Human Races

In the wake of the London Bridge terrorist attacks, Theresa May has quite rightly called for unity within a society increasingly under siege from a cult rooted in hatred. However, given the origins of the perpetrators of other recent terrorist attacks, it is likely that these young men were also born and raised in the UK. As such, we also need to look to issues deeply rooted in our own national culture that create the seed-bed in which bitterness, division and hatred can flourish.

The highly individualistic culture which has been nurtured by successive UK governments over the past four decades has had the effect of isolating individuals, making every situation a race or a competition. This is a lesson that British children learn very early in life. In the Guardian's most recent Secret Teacher column, the writer describes how children's opportunities are diminished by an education culture in which 'every decision is made with the league table in mind' rather than by what is best for individual children, who instead grow up in a culture in which they become results pawns, learning to allocate value to themselves and others through this warped mirror.

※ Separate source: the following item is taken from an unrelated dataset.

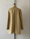黄金色のキャメルで、若干光沢があります。着物に仕立てていた時の折り目が取れないのでお値引きしております。えりに松の柄。所々金箔も使用されており、華やかです。

The current government aim to intensify this situation by ranking children on entry to school, with the inevitable result that the race will begin in the nursery, with some children discovering on the very first rung of the education ladder that society has pigeon-holed them as somehow less worthy than their peers. It is inevitable that those who come from financially advantaged homes and speak English as a first language will form the largest contingent of those who rank most highly on this scale, and, in time, be more likely to move onto the new selective grammar schools that Mrs May is planning which will further compound these deep divisions.

Children raised in such a society learn to become competitive rather than collaborative, and to construct other human beings as potential enemies rather than potential friends. The evidence that this is increasingly the case can be demonstrated through popular culture which has arisen over the last few decades, for example in the reality media that dominates TV scheduling which is based in competition and the humiliation of "losers", for example The X Factor, Take Me Out and Big Brother. The everyday reality of contemporary young people additionally involves rampant competition for attention and 'likes' on social media and the inevitable anguish that this creates.

Under successive Conservative administrations, funding has been removed from initiatives aimed at equalising life chances and bringing people together, such as Children's Centres, youth clubs and community education, which impacts particularly heavily upon families experiencing financial difficulty, and families in which the adults speak English as a second language. The government seeks to further stigmatise and humiliate those who have access to less resources in society with a range of punitive measures such as the bedroom tax and work capability assessments. Is it therefore any wonder that many from the most disadvantaged UK communities voted for Brexit, constructing our European neighbours as competitors for resources rather than as allies with the potential to collaborate with us to create a more prosperous society?

It is difficult to be a young person in a society which broadcasts a range of messages indicating that individual worth will be decided on the basis of such a plethora of relentless competitions, in which those who are poorly placed will be viewed by others as having little value. Psychologist Carl Rogers proposed that lack of self worth leads to people becoming confused, troubled, anxious and alienated. In such a situation, some, particularly those who entered every race from a position of relative disadvantage, will inevitably turn to alternative communities in which they are able find the validation and hope that they lack, even if such communities are in fact dangerous and dysfunctional.

As Nik Kershaw reflected in 1984, as the culture of extreme individualism wound its tentacles ever more tightly around society, 'winners laugh too soon... cause you never win in human races'. Perhaps, if we were less concerned with pigeon-holing people on endless league tables, and more concerned with supporting the collective well-being of all within society, our young people would be more socially and emotionally robust, hence less vulnerable to extremists and radicalisers.